Limitations & Future Work¶
- The method depends on offline-calibrated lookup tables and predictors. Generalization to unseen domains or network conditions requires further validation.
- Credit inertia assumes "smoothly varying difficulty," which may fail during abrupt transitions (e.g., drastic dialogue topic shifts or mixing code/natural language).
- ⚠️ Theorem 4.1 only proves existence; it does not provide convergence rates or suboptimality bounds.
- Experiments used 4090/A6000 simulators; performance on real mobile edge devices (power/memory limits) remains to be verified.
Related Work & Insights¶
- vs FSD: FSD uses fixed controllable bias for SD relaxation; E2-SCI makes this bias dynamic based on history, accelerating FSD by +32%~+90% as an additive layer.

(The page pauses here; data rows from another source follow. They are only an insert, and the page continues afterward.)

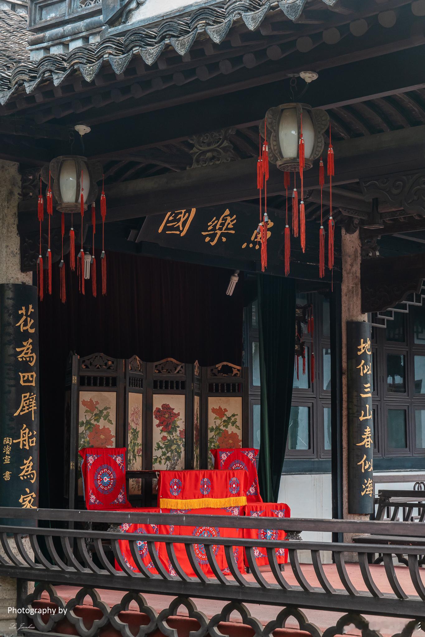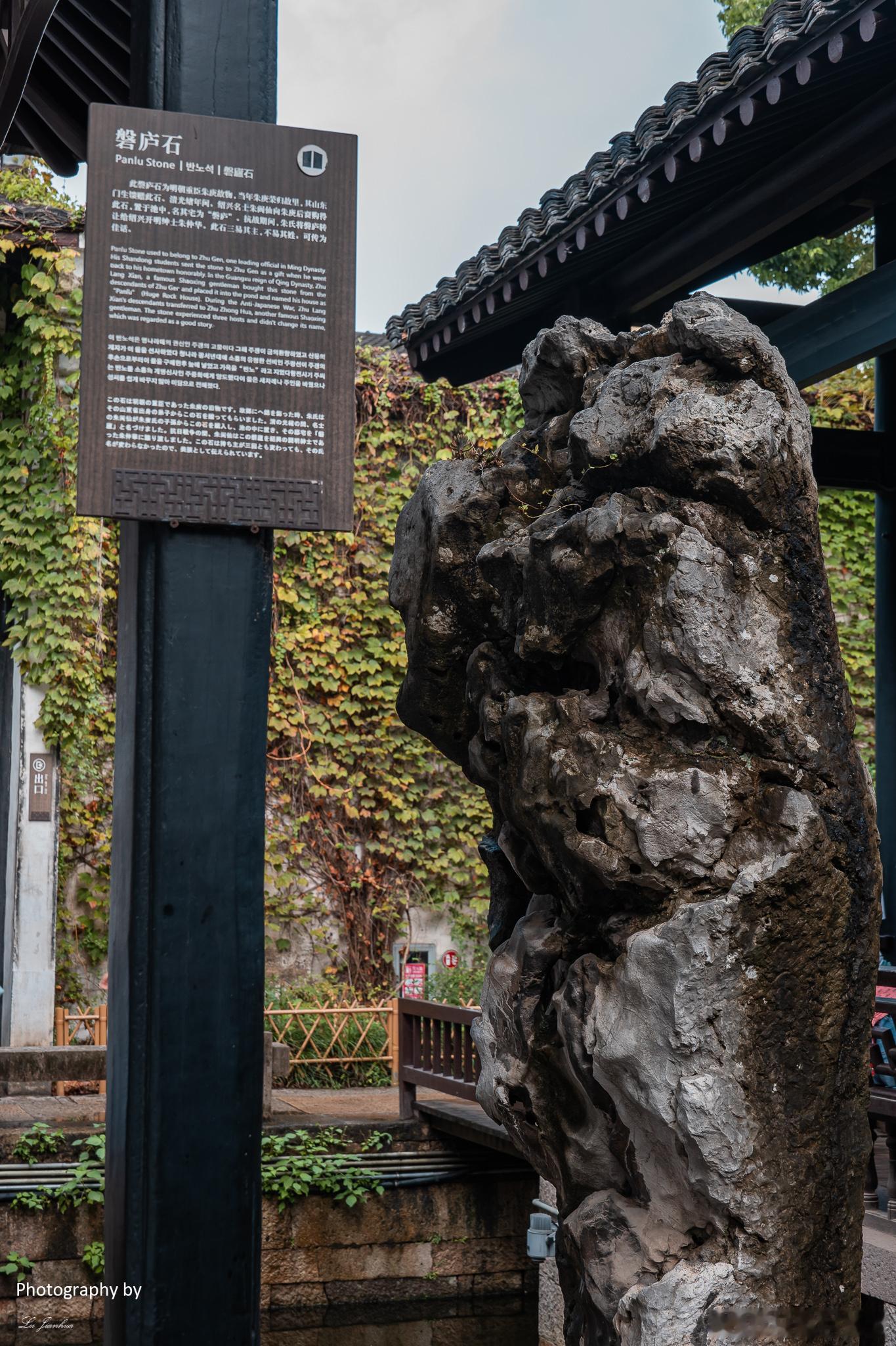 浙江绍兴鲁迅纪念馆的西北侧,有一座“鲁迅笔下风情园”,当地人也称之“朱家台门”。绍兴“台门”,也就是具有一定规模、封闭独立的院落。朱家台门,以前又称“老磐庐”,源于院落中一块名叫“磐庐石”巨石,据说该石为明朝官员朱庚的故物。风情园中除了这块石头外,还有水榭、戏台等,还有百年罗汉松、盘槐、红梅、绿萼梅等名贵花木。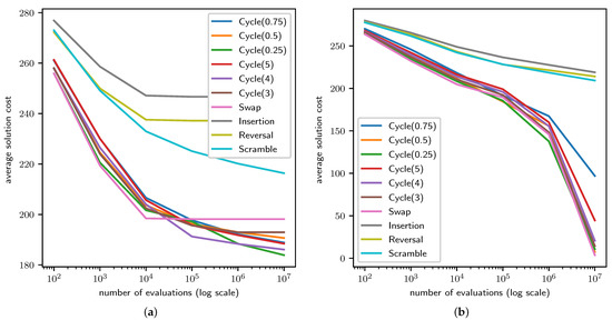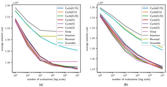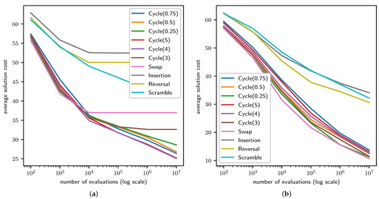 Mutation for permutations is most often one of swap mutation, insertion mutation, reversal mutation, or scramble mutation [15]. There are many permutation crossover operators that focus on maintaining different characteristics of the parents, including order crossover [16], non-wrapping order crossover [17], uniform order-based crossover [18], partially matched crossover [19], uniform partially matched crossover [20], precedence preservative crossover [21], edge assembly crossover [22,23], and cycle crossover (CX) [24].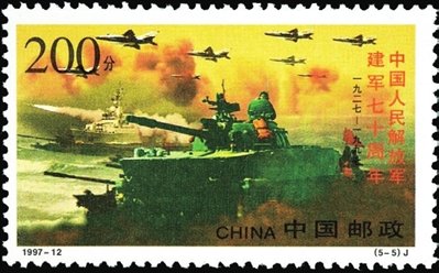 1997年8月1日,中国邮政发行了1997-12《中国人民解放军建军七十周年》纪念邮票1套5枚,票名分别是“陆军”“海军”“空军”“战略导弹部队”和“陆海空联合演习”5枚邮票,以陆、海、空和战略导弹部队的主战兵器为主图,背景是按兵种按时间有机串联在一条主线上的建军七十年来的重大事件,淡彩的背景与重彩的主图珠联璧合,能够让人自然重温人民解放军七十年的成长历程,真切感受人民军队的现代化步伐。每幅画面虽没有出现一个军人形象,但那隆隆开进的坦克、劈波斩浪的军舰、呼啸而过的战机和腾空而起的导弹,创造了一种千军万马奔腾向前的气势,表现出现代化战争操纵着现代武器与敌人决战千里之外的新特点,收到了此处无人胜有人的艺术效果。

- vs PipeSpec: PipeSpec uses predictor-verification coordination for async SD; E2-SCI's PLC similarly pipelines but injects dynamic thresholds and a more aggressive pre-hit mechanism.
- vs Medusa/EAGLE3: These improve draft generation; E2-SCI's "verification rigor + async concurrency" is orthogonal, allowing for joint deployment as shown in Table 3.
- vs History-agnostic methods: The authors emphasize that prior SD methods ignore temporal dependencies across sequence requests, which E2-SCI exploits.
Rating¶
- Novelty: ⭐⭐⭐⭐ Simple but powerful "Credit Inertia" observation combined with robust async pipelining.
- Experimental Thoroughness: ⭐⭐⭐⭐ Broad coverage across 4 model families and datasets.
- Writing Quality: ⭐⭐⭐ Mechanism is clear, though some formula/theorem notations in the CVF version require cross-referencing.
- Value: ⭐⭐⭐⭐ Highly practical for edge-cloud LLM inference and compatible with existing SD frameworks.